US aid group attacked in NW Pakistan; 6 dead
Islamabad: Suspected militants armed with assault rifles and a homemade bomb attacked the offices of a US-based Christian aid group helping earthquake survivors in northwestern Pakistan on Wednesday, killing six Pakistani employees, police and the organization said.
The assault prompted World Vision, a major international humanitarian group, to suspend its operations in Pakistan. Other aid organizations condemned the attack but said it would not lead them to curtail their own activities.
Extremists have killed other foreign aid group employees in Pakistan and accused such organizations of working against Islam, greatly hampering efforts to raise living standards in the desperately poor region. Many groups have already scaled down operations in the northwest or pulled out altogether.
The attack took place in Ogi, a small town in Mansehra district, which was badly hit by the 2005 Kashmir earthquake.

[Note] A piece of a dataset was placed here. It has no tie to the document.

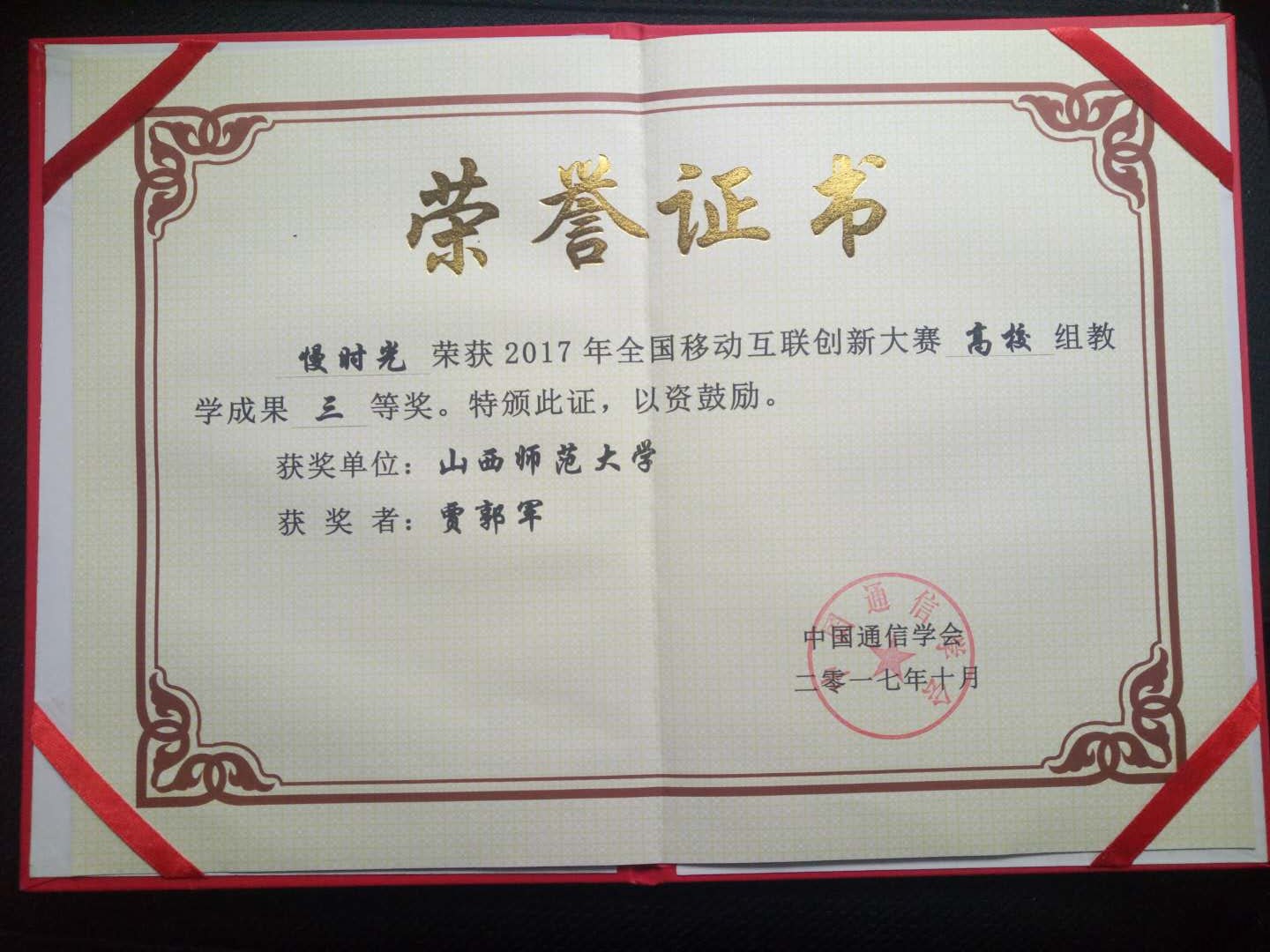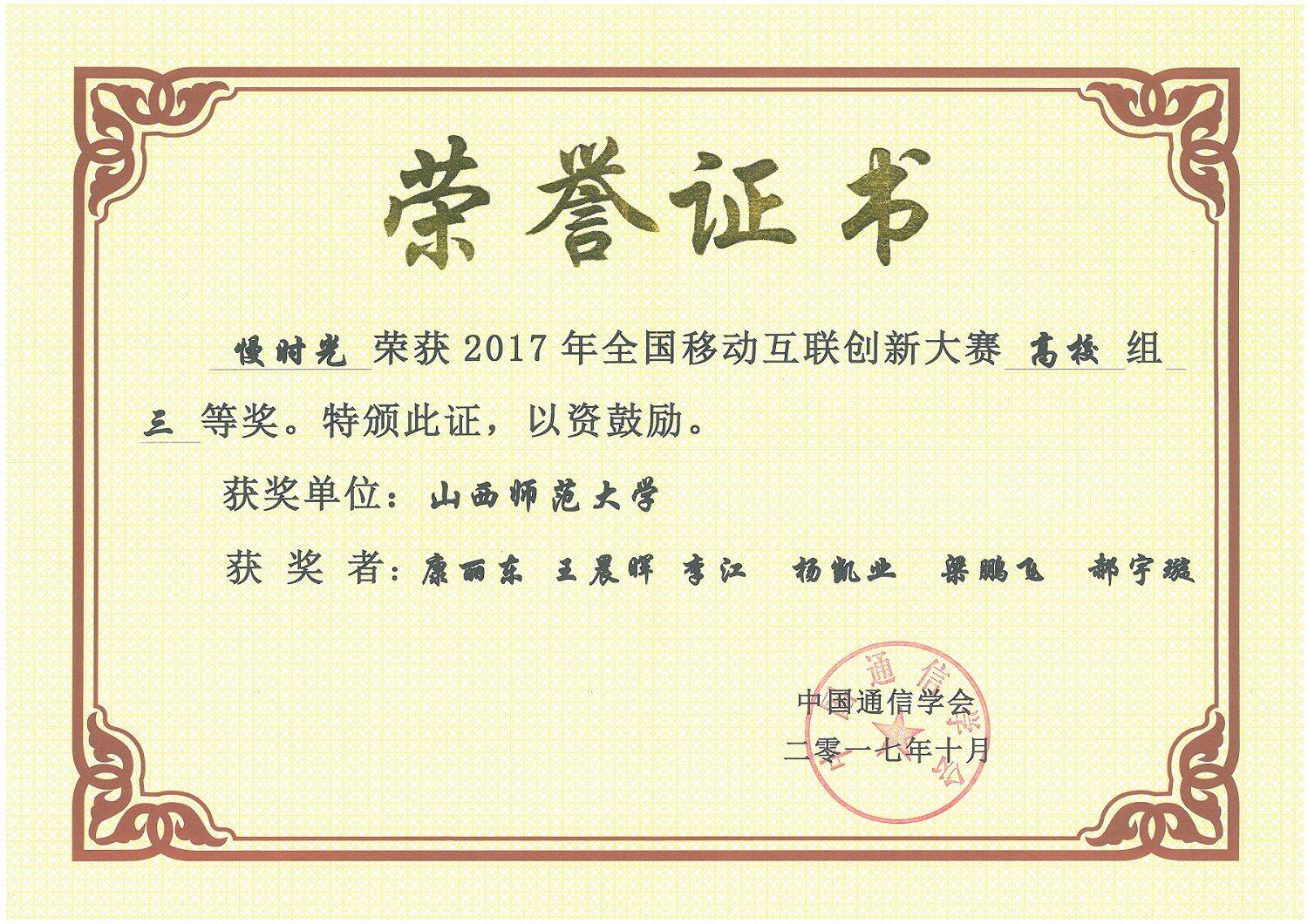10月27日——29日,2017全国移动互联创新大赛在北京落下帷幕。太阳成城集团“慢时光”团队作为我校参赛的唯一团队,喜获高校组“三等奖”荣誉,这也是我校首次参加这一全国顶级赛事。

"It was a brutal and senseless attack," said Dean Owen, World Vision spokesman in Seattle, Washington. "It was completely unexpected, unannounced and unprovoked."
Islamists often target Christian groups, which they accuse of trying to convert Muslims.

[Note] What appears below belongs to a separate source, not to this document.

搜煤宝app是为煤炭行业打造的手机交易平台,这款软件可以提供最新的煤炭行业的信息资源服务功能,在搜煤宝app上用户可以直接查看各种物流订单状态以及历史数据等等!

Another World Vision spokesman said the group, which was founded 60 years ago in the US and is one of the world`s largest and most well-funded Christian aid organizations, had suspended operations across Pakistan as a result of the attack.
About 10 gunmen carried out the assault, which also wounded four people, said local police chief Sajid Khan. Two women were among the six dead, he said.

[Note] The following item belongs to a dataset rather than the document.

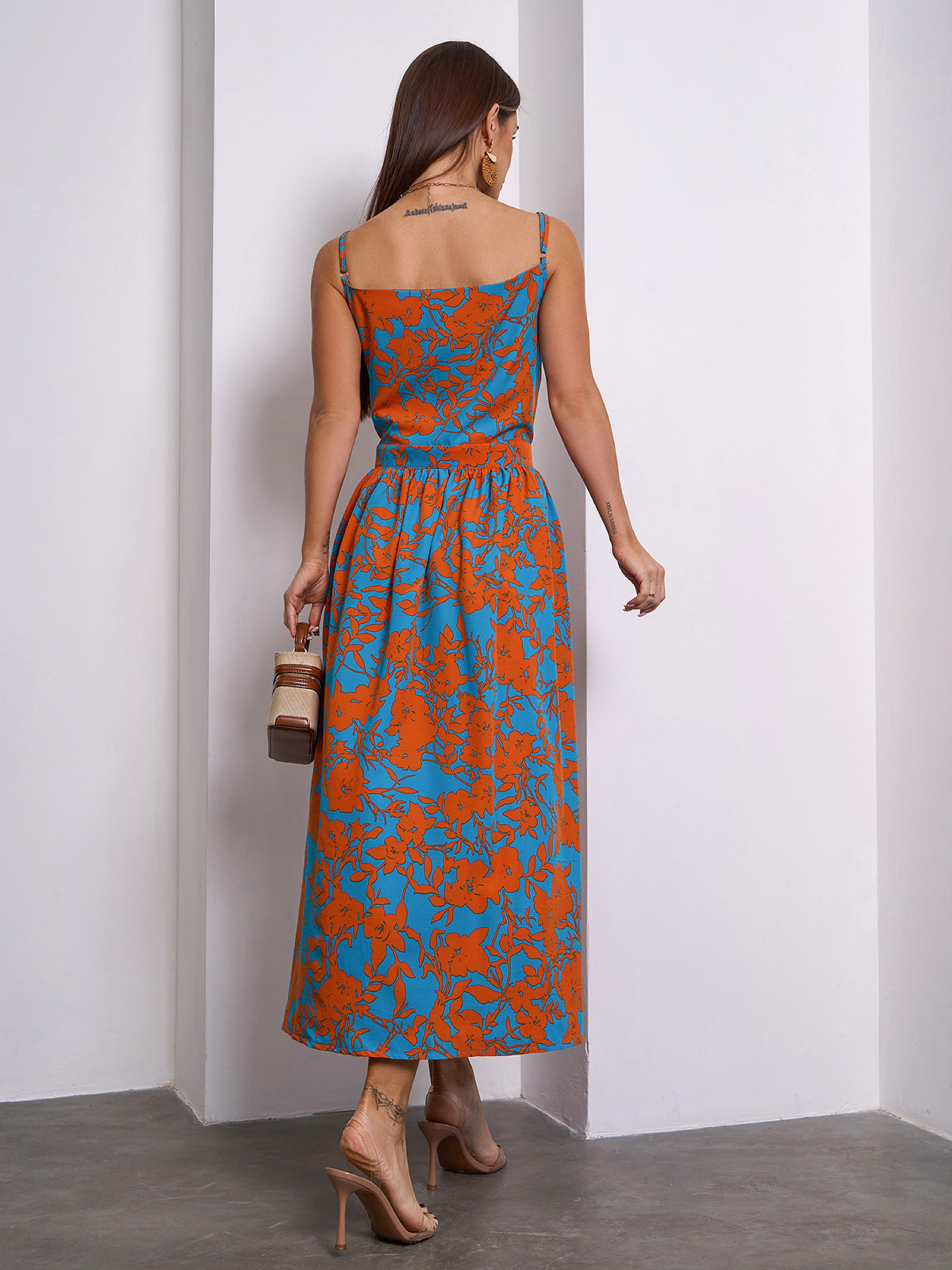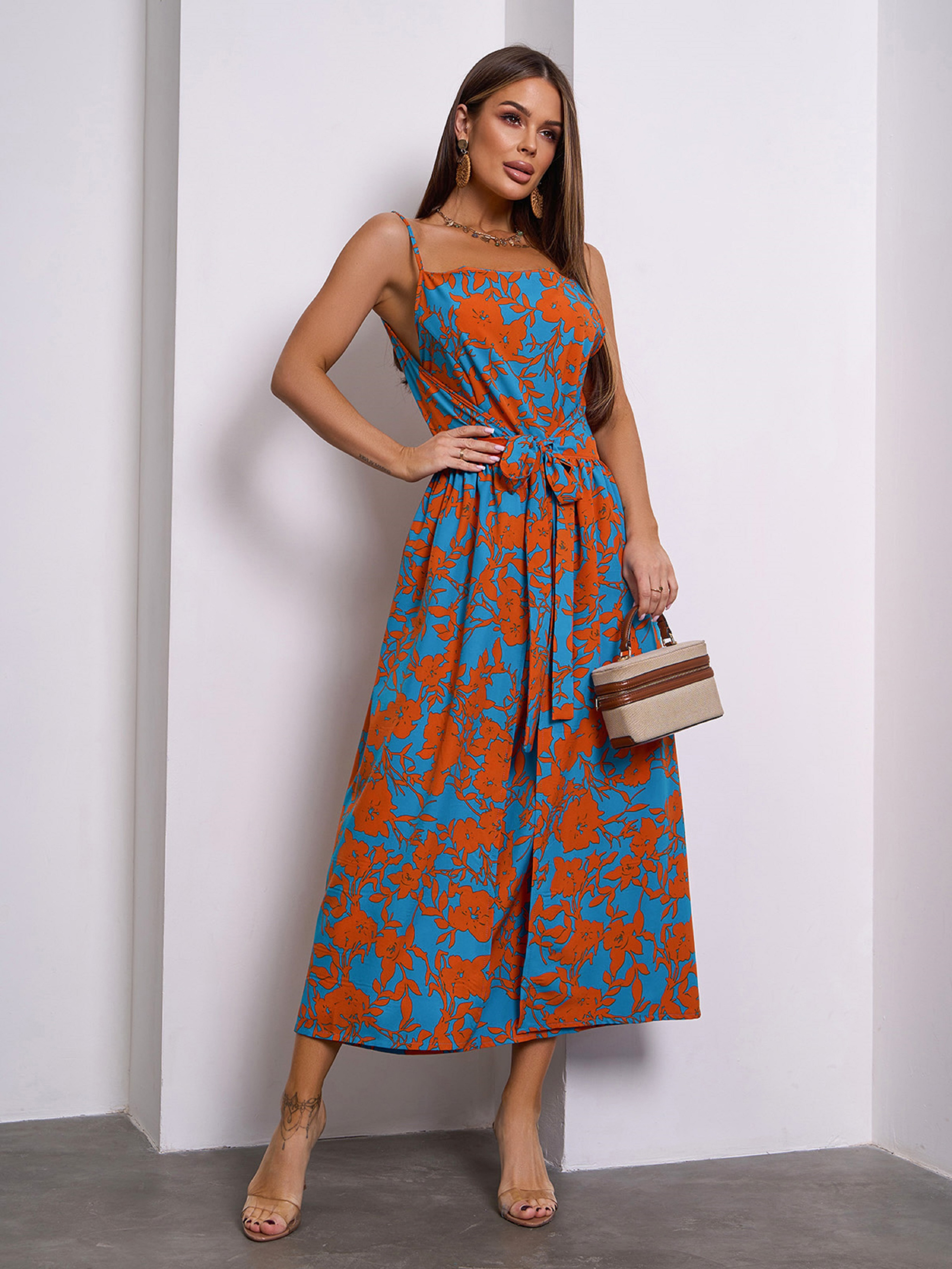 Бирюзово-оранжевый цветочный сарафан, выполненный из софта. Модель приталенного кроя на запах с тонкими регулируемыми бретелями и расклешенным низом миди длины. Модель состоит из двух частей, которые фиксируются по очереди завязками на талии. Полуобхват: Грудь: S (45), M (47), L (49), XL (51), Талия: S (31), M (33), L (35), XL (37), Бедра: S (67), M (69), L (71), XL (73), Длина изделия - 117, Ткань: Низкой эластичности. Состав: 59% полиэстер, 21% эластан, 20% хлопок

Another local police official, Liaquat Shah, said the attackers first opened fire inside the office and then left a homemade bomb they detonated by remote control.
"They left a locally made pressure cooker bomb that exploded soon after the attackers fled the scene, killing NGO people first by gunfire and then with the blast," Shah said.
The attack seriously damaged the aid group`s office, leaving the ground strewn with rubble and the concrete walls pockmarked with bullet holes, AP Television News footage showed. A tattered red office chair lay overturned among the debris.
Al Qaeda, the Taliban and allied groups are strong in northwestern Pakistan, but Mansehra lies outside the tribal belt next to Afghanistan where the militants have their main bases and is relatively peacefully.
Islamist militants see foreign aid groups and local outfits that receive international funds as a challenge to their authority in regions under their influence. The organizations often employ women and support female rights initiatives, further angering the extremists.
Many foreign aid groups set up offices in Mansehra after the 2005 earthquake, which killed about 80,000 people and left 3 million people homeless.
In 2008, militants there killed four Pakistanis working for Plan International, a British-based charity that mainly helps children. The attack forced several foreign agencies to scale back assistance to the area.
But aid groups said that Wednesday`s attack would not cause them to suspend their operations.
"I would not feel that it means anything but intensifying our own way of doing things," said Pepe Salmela, the country director for the International Federation of Red Cross and Red Crescent Societies, which works on community-based health and disaster preparedness programs in Mansehra.
"We have quite a big security team and a security coordinator in Islamabad who went to Mansehra today to study the situation," said Salmela.
UN spokeswoman Ishrat Rizvi also said the attack would not curtail the world body`s activities in Pakistan.
"Any single attack on any implementing partner would not result in the closure of UN operations in those areas, but we definitely condemn any such attack," said Rizvi.
The Pakistani government has fought back against militants staging attacks in the country by launching several military operations over the last year and a half to deprive the insurgents of their sanctuaries in the northwest.
The US has also pummeled militants in Pakistan`s tribal area with dozens of deadly missile strikes, including one Wednesday that killed at least four people in North Waziristan, said officials.
Drones fired four missiles at a house and a nearby truck in the Mazer Meda Khel area, some 25 miles (40 kilometers) west of the main town of Miran Shah, said local government official Sabir Khan.
The identities of those killed in the attack were not known.
The US refuses to discuss publicly the drone program in Pakistan, but officials say privately it has killed several senior al Qaeda and Taliban commanders.